II. CONVERTER TOPOLOGY

A. Switch-Mode Power Amplifier

The BW of switch-mode PAs is limited by the necessary output filter (typically a k-stage second-order LC filter with corner frequency \( f_c \) and an attenuation of \(-k \cdot 40\text{ dB/dec}\)), which attenuates the HF spectral content in the switched output voltage, such that the local average (averaged over one switching period \( T_{sw} \)) remains [22]. This local average is tracking a programmed reference voltage/waveform \( v_{ref} \) given by the desired application scenario (e.g., coming from the RTS in P-HIL test environments). Within this article we restrict the discussion to single-stage LC output filters. Assuming a naturally sampled (continuous) Pulse Width Modulation (PWM) with a triangular carrier and a purely sinusoidal \( v_{ref} \) with frequency \( f_{out} \), the switched voltage \( v_{sw} \) contains spectral components at multiples of the switching frequency \( n \cdot f_{sw} \) and the respective sidebands \( n \cdot f_{sw} \pm k \cdot f_{out} \) with \( n \in \mathbb{N} \) and \( k \in \{2, 4, \ldots\} \) if \( n \) is odd or \( k \in \{1, 3, \ldots\} \) if \( n \) is even [30]. To attenuate sidebands at frequencies below \( f_{sw} \), the filter corner frequency \( f_c \) must be substantially lower than \( f_{sw} \). To account for effects such as finite filter slopes (e.g., \(-40\text{ dB/dec}\)) and component tolerances, in practice, \( f_c < f_{sw} / 10 \) is typically chosen [31]. At the same time, \( f_c \) must be higher than the maximum anticipated output frequency \( f_{out,max} \) to avoid exciting the filter resonance \((f_c \geq k_1 \cdot f_{out,max})\). Thereby, to reach the desired BW of 100 kHz, switching frequencies in the range of several MHz are required \((f_{sw} \geq 10 \cdot k_1 \cdot f_{out,max})\).

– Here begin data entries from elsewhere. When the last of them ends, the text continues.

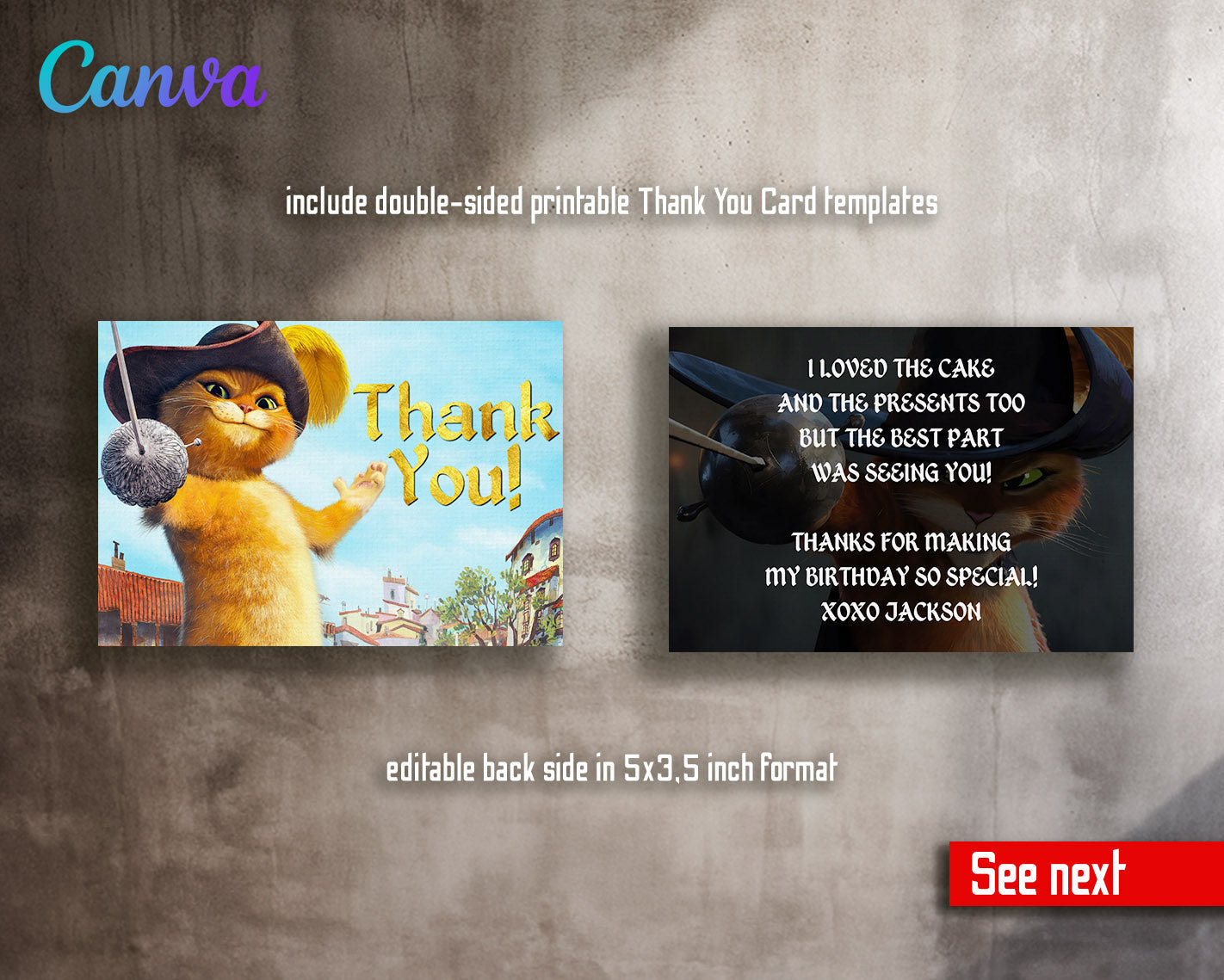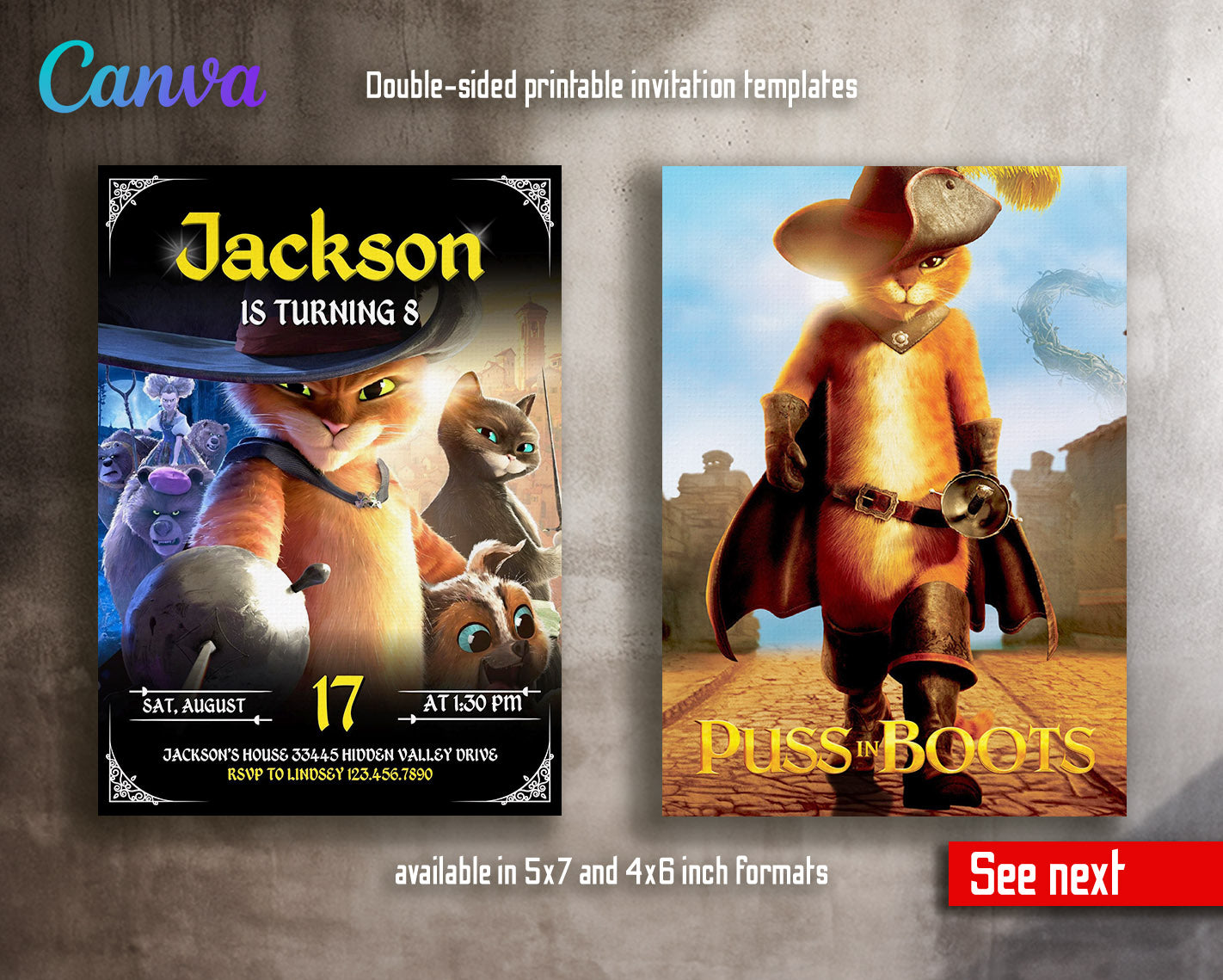 Related Tags: cat invitation, puss boots birthday, puss in boots invite, cat boots invitation, shrek party, digital invite, editable invitation, birthday invitation, printable invitation, invite template, evite, girl birthday,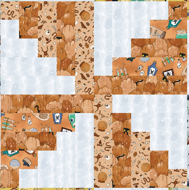 Introducing the "Steps to the Spell" quilt pattern designed by The Whimsical Workshop, featuring the charming Halloween fabric collection "Spellbound" from Benartex Fabric. This delightful pattern showcases offset Log Cabin blocks, making it an accessible project for quilters of all levels. Measuring 60" x 80", this quilt utilizes standard piecing techniques, ensuring a smooth and enjoyable quilting experience. While perfect for Halloween with the "Spellbound" fabric, this versatile pattern also adapts beautifully to any fabric theme you choose, allowing for endless creative possibilities. Create a captivating quilt that enchants and delights with "Steps to the Spell."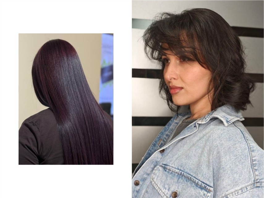 Абсолютно чёрные волосы придают образу строгость, но в 2026 году они воспринимаются как плоские. Современные тенденции требуют объёма, движения, воздуха. Глухой чёрный уступает место сложным тёмным тонам с нюансами: «горький шоколад», «эспрессо с карамелью» или «черносмородиновый». Они глубже, многограннее и подчёркивают черты лица мягче.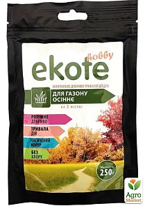 Мінеральне добриво "Ekote" ТМ "ГТУ" осіннє, для газону 250г - це мінеральне підживлення тривалої дії на 3 міс. Її варто купити та використовувати на прибудинкових ділянках, у зонах відпочинку, а також на полях для спортивних ігор. Добриво розроблене спеціально для газонної трави, тому дозволяє виростити густе якісне покриття насиченого зеленого відтінку.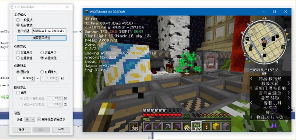 虽说这个程序初衷是为了实现 Minecraft后台钓鱼、刷石、刷经验,但是既然写都写了,还是顺便做了一个前台模式,这样它也可以作为一个普通的前台鼠标连点器使用。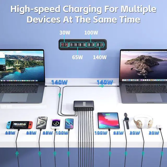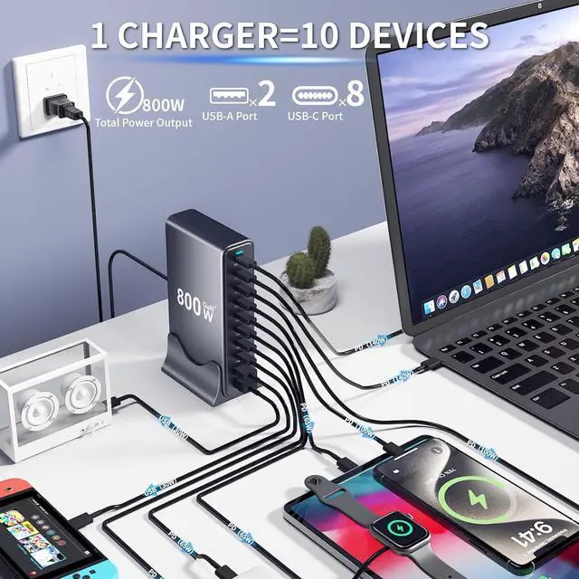 Ultimate 800W Multi Charging Station for Home & Office Engineered as the ultimate multi charging station and desk charger, this powerhouse delivers 800W total power through 10 ports. It effortlessly charges laptops, iPhone charger fast charging, and multiple devices simultaneously, eliminating the clutter of traditional charging blocks and keeping your workspace fully powered and organized.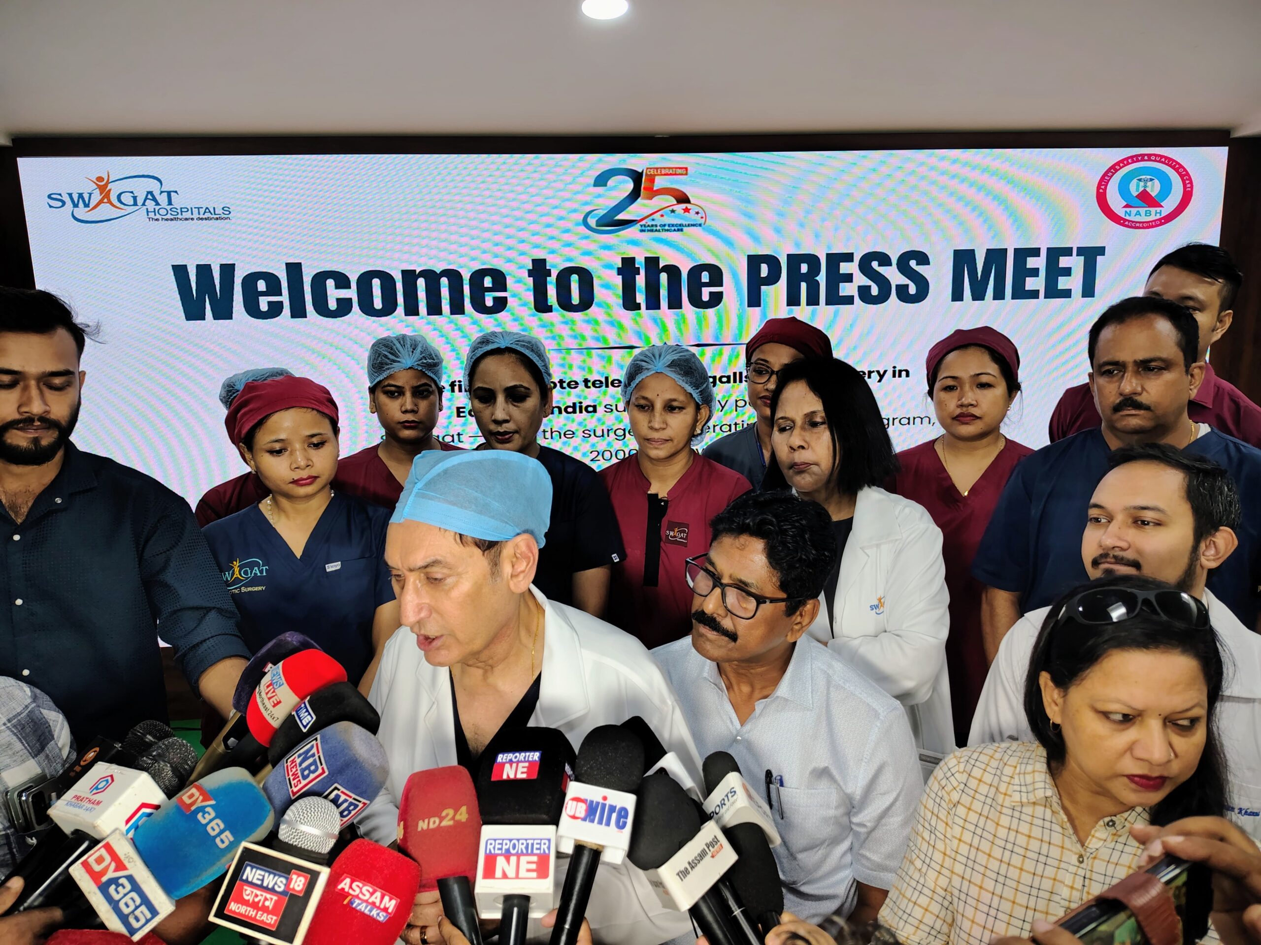 असम के गुवाहाटी स्थित स्वागत सुपर स्पेशियलिटी अस्पताल ने पूर्वोत्तर भारत में पहली बार सफलतापूर्वक गॉल ब्लैडर (पित्ताशय) निष्कासन शल्यक्रिया को अंजाम दिया। इसमें मेड-इन-इंडिया एसएसआई मास बोनोटिक सिस्टम का उपयोग कर गुवाहाटी के दो मरीजों की सर्जरी की गई, जो पूरी तरह सफल रही। लीड सर्जन प्रो. सुभाष खन्ना ने यह ऑपरेशन गुरुगाव से लगभग 1900 किलोमीटर दूर गुवाहाटी स्थित मरीजों पर नियंत्रण स्थापित करके किया। दोनों मरीज ऑपरेशन के बाद स्वस्थ हो गए हैं और 24 घंटे के भीतर ही दोनों को अस्पताल से छुट्टी देकर घर भेजा जा सका। यह उपलब्धि चिकित्सा और तकनीकी विशेषज्ञों की टीम द्वारा एकजुट प्रयास का परिणाम है। गुरुगाव से अभिवेश के साथ गुवाहाटी के स्वागत अस्पताल के विनय हजारिका ने इस जटिल आईटी समन्वय का नेतृत्व किया। पूरे प्रक्रिया में एयरटेल ने उच्च गति कनेक्टिविटी सुनिश्चित की और मानक से कहीं बेहतर, मात्र 40 मिलीसेकंड का लो-लेटेंसी कनेक्शन उपलब्ध कराया गया।संपूर्ण सर्जरी के दौरान स्वागत अस्पताल के चिकित्सकों में डॉ. अविंदम बोरुआ, डॉ. प्रणव दास और डॉ. सुप्रिय चौधरी ने सहयोग प्रदान किया, जबकि एनेस्थीसिया का नेतृत्व डॉ. कणिनिका दास ने किया। इसके अतिरिक्त रोबोटिक क्लिनिकल टीम से विद्या देवी, अलबानीसा, बीना, लिपिका तथा बायोटेक्निशियन जिन्टू ने तकनीकी क्षेत्रों में सहयोग दिया।उल्लेखनीय है कि स्वागत अस्पताल की निदेशक प्रो. डॉ. स्वागता खन्ना ने भी इस संपूर्ण सर्जरी प्रक्रिया को गुरुग्राम से ही मॉनिटर और नियंत्रित किया।

The authors of [11] derived the minimum required \( f_{sw} \) to reach a certain output voltage quality (quantified by means of the output voltage peak-to-peak ripple \( \Delta v_{out,pp} \)) for a certain maximum capacitive current and maximum inductive voltage drop in the respective filter elements. For a practical case of \( \Delta v_{out,pp} = 2\% \cdot \bar{v}_{out} \) (peak full-scale output voltage \( \bar{v}_{out} \)), 30\% capacitive current and 15\% inductive voltage drop a standard 2-level (2L) Voltage Source Inverter (VSI) requires \( f_{sw} = 5\text{ MHz} \). Even with the ever more widespread availability of Wide-Bandgap (WBG) power semiconductors with significant reduction of switching losses compared to their traditional Silicon (Si) counterparts, \( f_{sw} \) in normal 2L operation is still limited by the (hard) switching losses, particularly if a certain efficiency (95\% in the case at hand) is targeted. Therefore, alternative circuit topologies to the 2L-VSI are required, which allow to increase the effective switching frequency \( f_{sw,\text{eff}} \) of the switched voltage seen by the output filter without the penalty of high switching losses per device (switching losses distributed between multiple devices), i.e., the individual devices switch at a much lower frequency \( f_{sw} \).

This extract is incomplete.